Вероятно, только судьба разбитого аппарата и пленки, еще удерживала раненого в сознании. И в предоперационной он раз за разом повторял, что обещал дать материал еще позавчера, но они два дня не могли поговорить ни с кем из командования, а редакция ждет. Это ведь тоже боевое задание.
– Пленка это… важно конечно. Мы же обещали. Но не это главное, - он вдруг с силой отстранил руки Мухиной, пытавшейся поаккуратнее разрезать на нем гимнастерку.
– Погоди! Товарищ военврач!
– он близоруко щурился и едва ли различал лица, но безошибочно угадал в Денисенко старшего, - Мне очень, очень нужно поговорить хоть с кем-то из командования! Прямо сейчас!
– Спокойно, товарищ. Поговорите, обязательно, но попозже, - отвечал тот негромко, но твердо. И обернувшись к Мухиной шепотом велел, - Морфий сейчас же!
–
– Мне нужно срочно видеть кого-нибудь из действующих частей. Командира или комиссара!
– повторил он твердым голосом и попробовал даже встать, но не хватило сил. Перепуганная Наташа подхватила его под здоровую руку: “Тише, родненький, тише…”, а он все рвался из ее рук, твердил про фотоаппарат, который надо непременно сберечь, как память о друге, как его неоконченное дело, но морфий все же начал действовать, глаза раненого затуманились. Денисенко буквально жестом, без слов показал: “Сей же час на стол!”
Тугой узел из плащ-палатки, перетянутый ремешком от планшета, так и лежал на полу, рядом с окровавленными обрезками обмундирования и вспоротыми по шву сапогами.
За окнами перевязочной висела чернильная ночь, керосиновая лампа-молния, прикрученная, чтоб не жечь зря топливо, горела над пустыми столами тусклая как лампада.

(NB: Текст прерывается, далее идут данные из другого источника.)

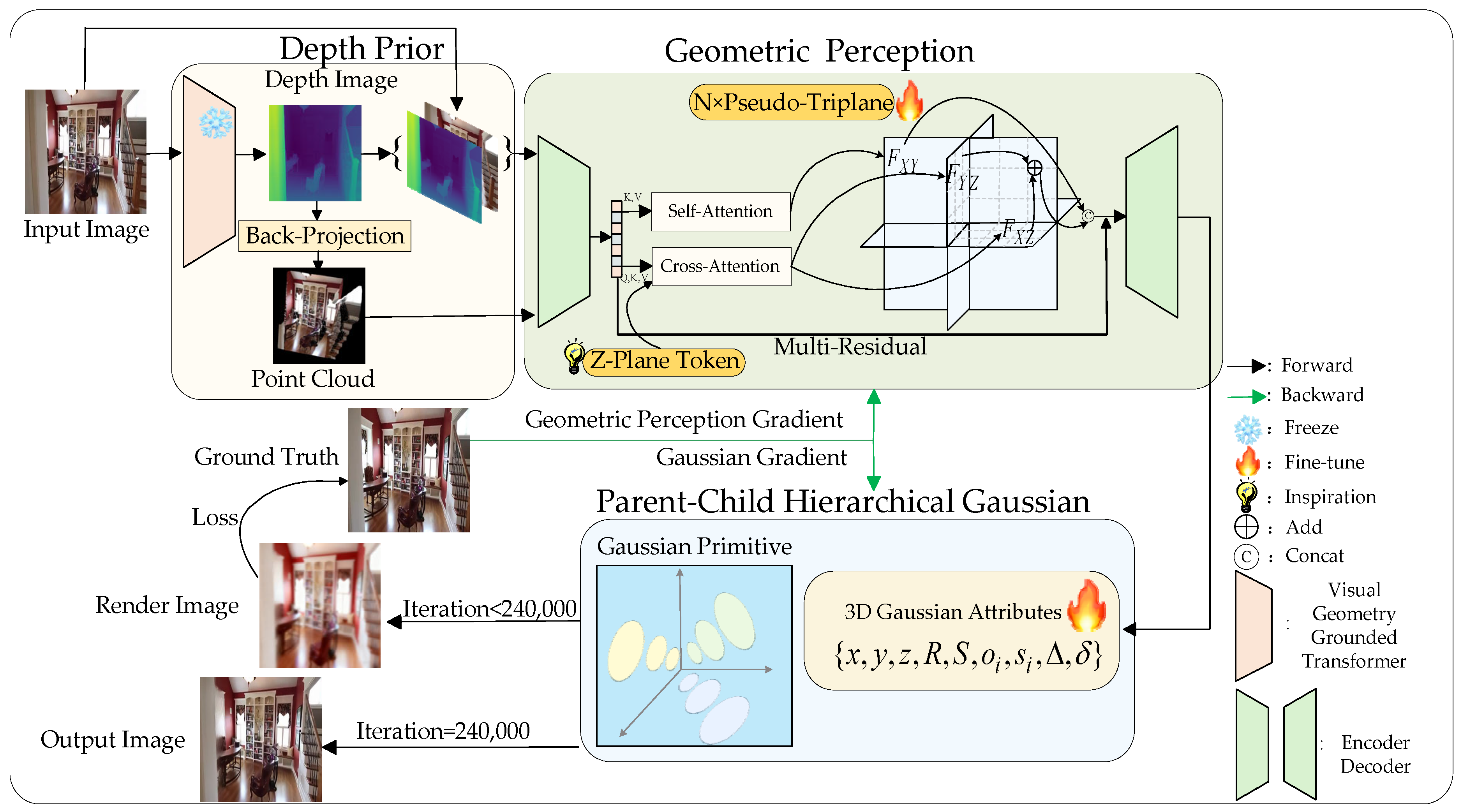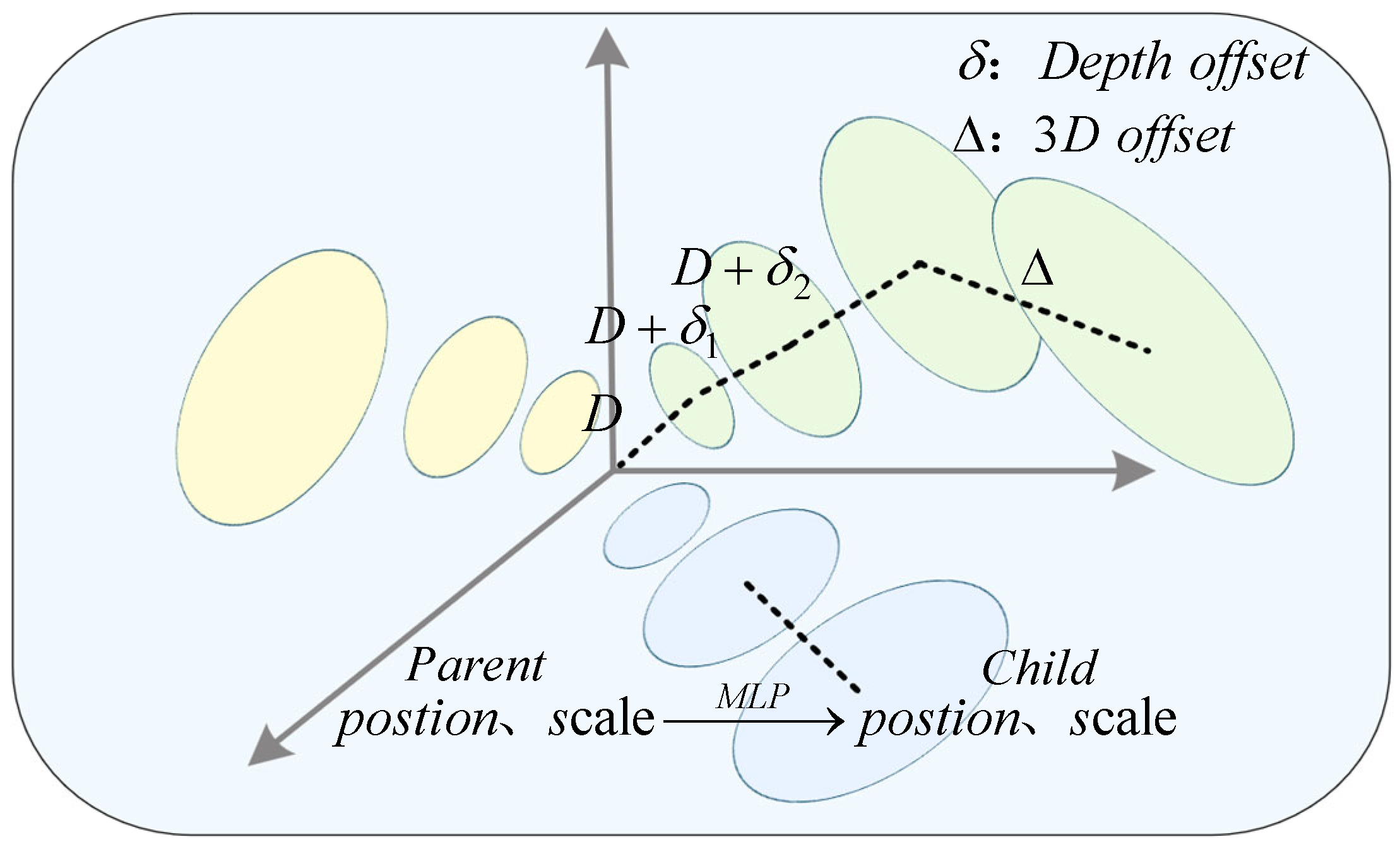 - Parent–child hierarchical Gaussian renderer modeling depth hierarchy: in the feed-forward 3DGS framework, we design a parent–child hierarchical Gaussian renderer to models multi-level spatial structure by combining depth and 3D offsets. A multi-layer perceptron (MLP) learns the linear mapping between parent and child Gaussians, enhancing the model’s ability to represent complex depth hierarchies.
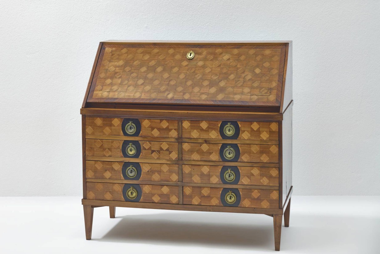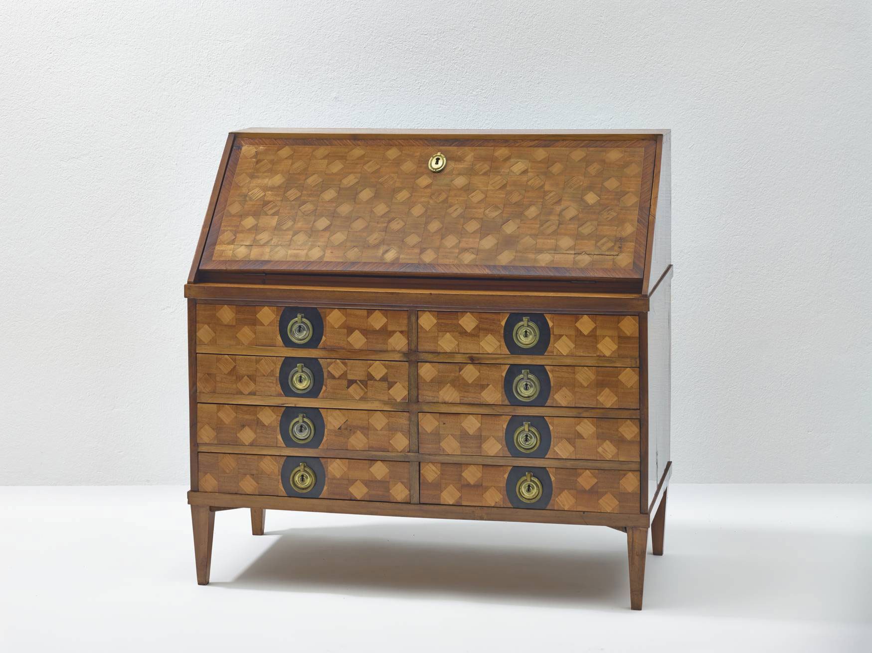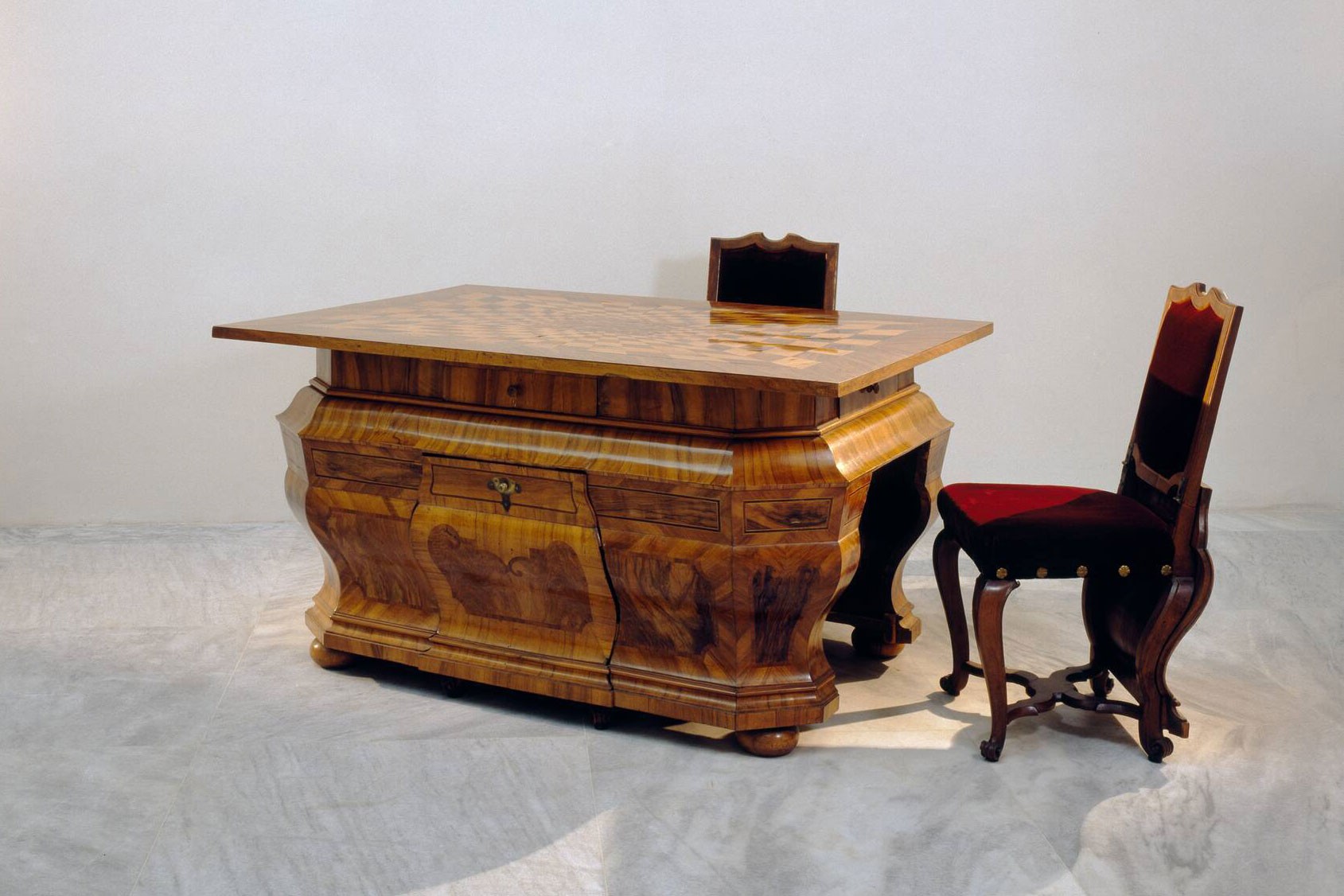 One of the most important focus points of the MAK Furniture and Woodwork Collection are the pieces of furniture from the Baroque and Rococo eras. Chairs, tables, cabinets, and entire interior designs from the time of Absolutism can be found in the Collection in the ornate and splendid forms typical of this era. The exhibits that are particularly worth seeing include the furniture and marquetry panels presented in the Permanent Collection. They were made in Brussels in the 1770s by David Roentgen for the governor-general of the Austrian Netherlands, Prince Charles Alexander of Lorraine. They are considered highlights of German cabinetmaking.
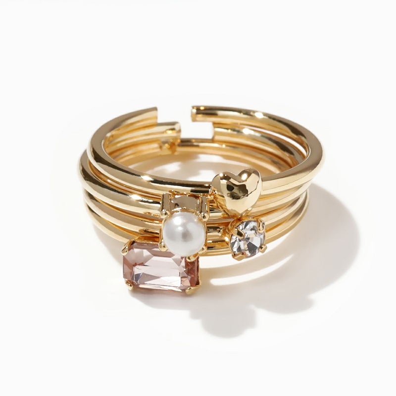 ハート・パール・ビジュー・カラーストーンの4本セットリング。
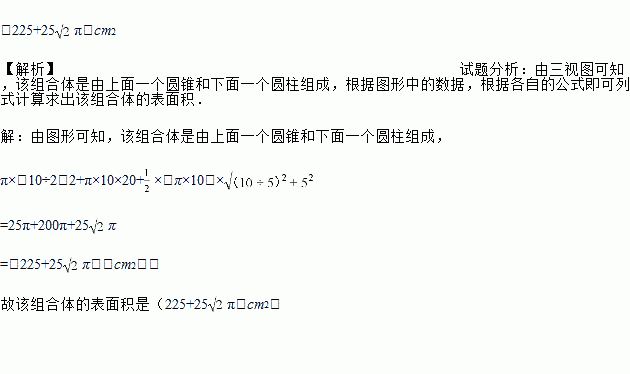 一组合体的三视图如图所示,该组合体是由哪几个几何体组成,并求出该组合体的表面积(单位:cm2)
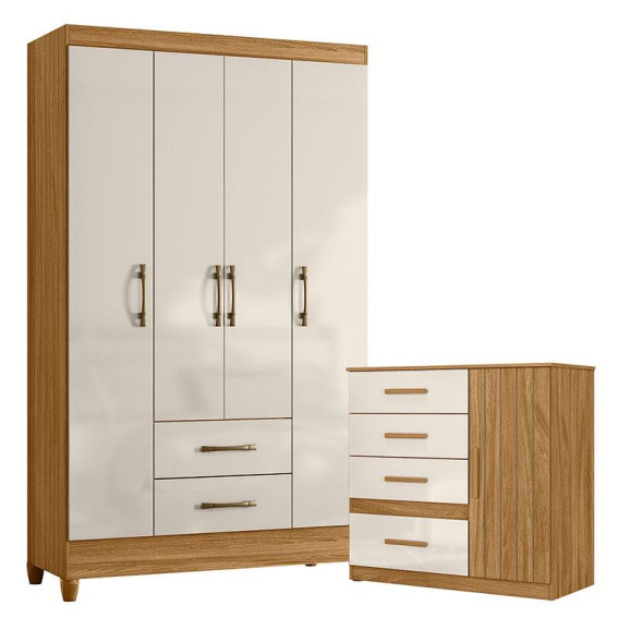 Organize seu quarto com elegância e o melhor custo benefício do mercado. Apresentamos o Guarda Roupa Solteiro Paraty e Cômoda Vênus fabricados pela Moval. Guarda Roupa com 04 portas e 02 gavetas com corrediças metálicas, puxadores na cor bronze, cabideiro para melhor organização interna, espaço ideal para roupas longas e pés em PVC. A cômoda possui 04 gavetas com corrediças metálicas, 01 porta, puxadores em MDF e um design moderno que combina com qualquer decoração. Fabricado com materiais de alta qualidade que garante resistência e durabilidade ao produto. Confira mais detalhes e aproveite!
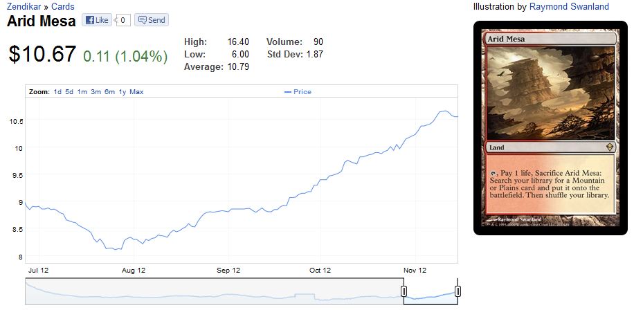 So if I bought a few Arid Mesas at $8.50 a few months ago and sold recently, did I maximize profits? Arguably, no. Everyone expects non-blue Zendikar Fetch Lands to follow their blue counterparts and see a significant price bump due to Modern. But to me profit is profit. And selling those Arid Mesas freed up my cash so that I can speculate in something else. This ensures high turnover in my stock and shields me from significant risk of holding cards which are not top performers.

Машины пока не шли. В углу, на лавке, сидя, спали привалясь друг к дружке Мухина и еще две сестры. Их решили не тревожить, хоть час продремлют, все легче. На ногах оставался начсостав - Огнев, Денисенко и Гервер, которому удалось побеседовать с раненым, хотя и недолго.
– Могу сказать одно - до штаба дивизии они так и не доехали, - Гервер был по-прежнему спокоен и точен, но голос его звучал напряженно.
– Он сказал, что отыскали только штаб полка. Командир даже обещал уделить им две минуты, но начался обстрел. Фотограф погиб. Но самое главное - по их словам, в штадив они ехали, - он раскрыл планшет и показал на карте - вот отсюда. И вот здесь их обстреляли. После этого они и отправились искать штаб полка.
– Скверно, - только и ответил Денисенко.
Комиссар молча сложил планшет. Потом очень внимательно взглянул на обоих хирургов и спросил:
– Как он?
– Скверно, - повторил Денисенко, - Рука-то ладно, не такое собирали…
– Голова?
– Череп. Мелкий осколок, внутрь пошел. Если он там повредил сосуд - то до утра не доживет.
– Недоступно?
– Туда бы и Бурденко не полез. Если до утра доживет, и эвакуация его не убьет, и потом не будет менингита в течение, скажем, недели… тогда выкарабкается. Но ни с осколком, ни с менингитом, ни с, черти б его, штадивом мы не сделаем ничего! И, чувствую, не выдержим мы его тут неделю. Когда же уже машины?..
– Минут двадцать еще, - Огнев бросил взгляд на слепое, перечеркнутое бумагой окошко, - Доехать-погрузить-вернуться…
– Точно. Чаю успеем…
Утром в штабе Гервер, прогнав сон кружкой сладкого и до черноты заваренного чая заканчивал писать, когда вошел Огнев. У всего состава медсанбата лица который день были серы и неподвижны от усталости, но комиссар, едва взглянув на него, сразу спросил:
– Все?
– Да, - ответил врач, и на какую-то секунду оба удивились невыразительности своих голосов, - Кровотечение. Все как по учебнику. Хотя бы без боли. Что писал?